[WHAT TO PRODUCE]: In the data below, find the line with "This 20,600 square" and the line with "2月7日,中央戏剧学院艺考进", then restate both and every line between them exactly, minus the pictures.

[EXTRACTED INFORMATION]:

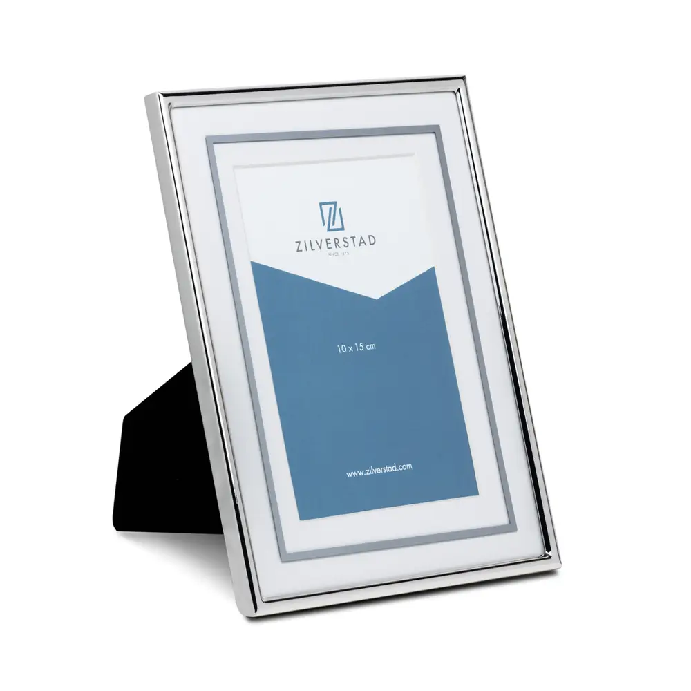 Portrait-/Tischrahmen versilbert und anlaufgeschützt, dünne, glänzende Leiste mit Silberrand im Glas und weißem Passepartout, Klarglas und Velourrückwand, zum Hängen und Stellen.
==
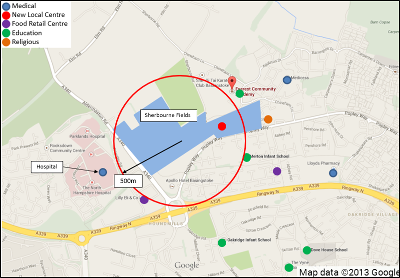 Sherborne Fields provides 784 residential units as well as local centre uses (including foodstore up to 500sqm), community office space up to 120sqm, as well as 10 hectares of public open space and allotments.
...
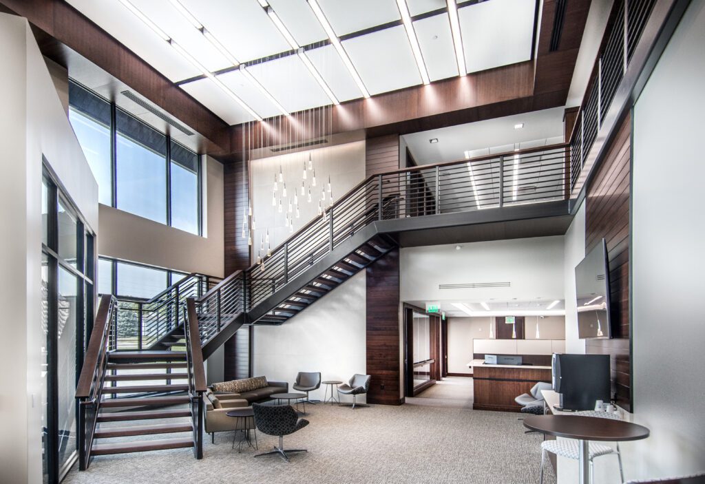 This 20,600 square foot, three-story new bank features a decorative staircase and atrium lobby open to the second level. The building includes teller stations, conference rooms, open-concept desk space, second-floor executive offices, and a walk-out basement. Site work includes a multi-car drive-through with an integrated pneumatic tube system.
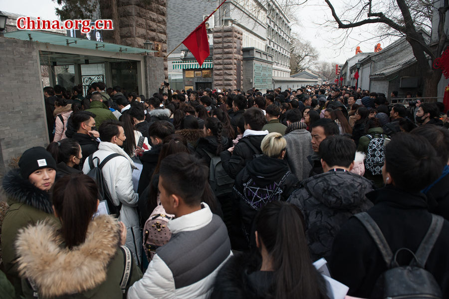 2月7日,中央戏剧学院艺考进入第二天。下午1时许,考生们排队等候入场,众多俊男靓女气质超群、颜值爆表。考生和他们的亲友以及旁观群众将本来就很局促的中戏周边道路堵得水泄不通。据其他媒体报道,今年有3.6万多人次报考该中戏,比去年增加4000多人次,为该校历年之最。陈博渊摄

[ANSWER TO THE EXERCISE]:
 This 20,600 square foot, three-story new bank features a decorative staircase and atrium lobby open to the second level. The building includes teller stations, conference rooms, open-concept desk space, second-floor executive offices, and a walk-out basement. Site work includes a multi-car drive-through with an integrated pneumatic tube system.
 2月7日,中央戏剧学院艺考进入第二天。下午1时许,考生们排队等候入场,众多俊男靓女气质超群、颜值爆表。考生和他们的亲友以及旁观群众将本来就很局促的中戏周边道路堵得水泄不通。据其他媒体报道,今年有3.6万多人次报考该中戏,比去年增加4000多人次,为该校历年之最。陈博渊摄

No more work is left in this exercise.